Protected classes in the State of California include:

  1. race,
  2. religion,
  3. color,
  4. national origin,
  5. ancestry,
  6. physical disability,
  7. mental disability,
  8. medical condition,
  9. genetic information,
  10. marital status,
  11. sex,
  12. gender,
  13. gender identity,
  14. gender expression,
  15. age (age discrimination is discriminating against someone 40 or older),
  16. sexual orientation, and
  17. military and veteran status.

The FEHA applies to (1) public and private employers, (2) labor organizations and affiliations, and (3) employment agencies with 5 or more employees.

If you think that you have been wrongly discriminated against by an employer:

  1. Gather Evidence, Documents, and Records. Write down or record as many aspects of a discriminatory incidents as you can. Retain evidence. Print out emails, performance evaluations, or other evidence that supports your claim.
  2. Prior to filing a lawsuit, you need to file a complaint with the Civil Rights Department or the Equal Opportunity Employment Commission.
  •  

Adverse Employment Actions, Wrongful Termination and Retaliation under FEHA

California’s Fair Employment and Housing Act prohibits retaliation which can consist of wrongful termination (such as firing the employee), and similar measures like (1) demotions; (2) pay rate reductions; (3) inferior job assignments; (4) providing inferior benefits; (5) harassment; or (6) similar inappropriate acts or omissions.

 

Discrimination and Adverse Action Under Title VII of the Civil Rights Act of 1964

A powerful federal employment law, Title VII prohibits workplace discrimination. Title VII focuses on  lost opportunities including termination, lay off, reduction in benefits, reduction in pay rates, failure to promote when qualified, and other adverse employment actions.
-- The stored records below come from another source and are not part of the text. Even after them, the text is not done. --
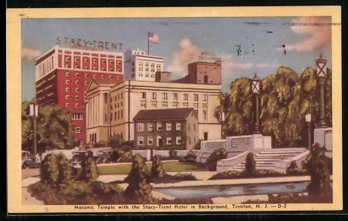 AK Trenton, NJ, Masonic Temple with the Stacy-Trent Hotel in Background
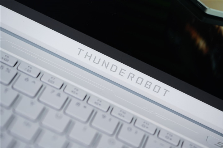 屏幕下方的白色转轴部分印有雷神的品牌名称。
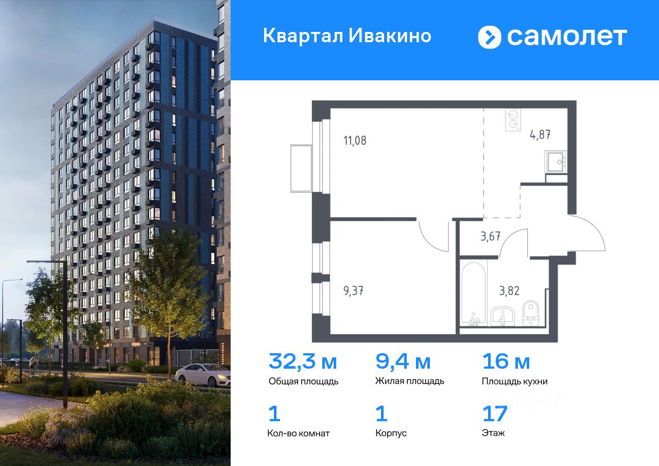 Предлагается 1-комнатная квартира комфорт-класса 32,3 кв.м в корпусе 1 на 17 этаже, в ЖК ''Квартал Ивакино'' Квартира с чистовой отделкой. Доступность дополнительных опций уточняйте у застройщика.

However, not all inferior assignments or reduction rise to the level of an actionable adverse employment action:

Retaliation Under Title VII

Retaliation is a lower standard than discrimination under Title VII as the inquiry is whether the employer dissuaded you form making or assisting other to make a claim of discrimination.

Under FEHA, adverse employment actions include  (1) placing you on administrative leave, (2) failing or refusing to promote; (3) arbitrary or unjustified negative performance evaluations and review; (4) changing job assignments in a manner that has adverse consequences’ (5) reducing your schedule work hours; and (6) other employer conduct that is reasonably likely to reduce or impairs your prospects to advance or be promoted.

Hostile Workplace

FEA prohibits  work environment where pervasive offensive or discriminatory behavior is tolerated or accepted especially when the bad behavior (bullying, harassment, slurs, etc.) interferes or prevents you from  fulfilling your job duties.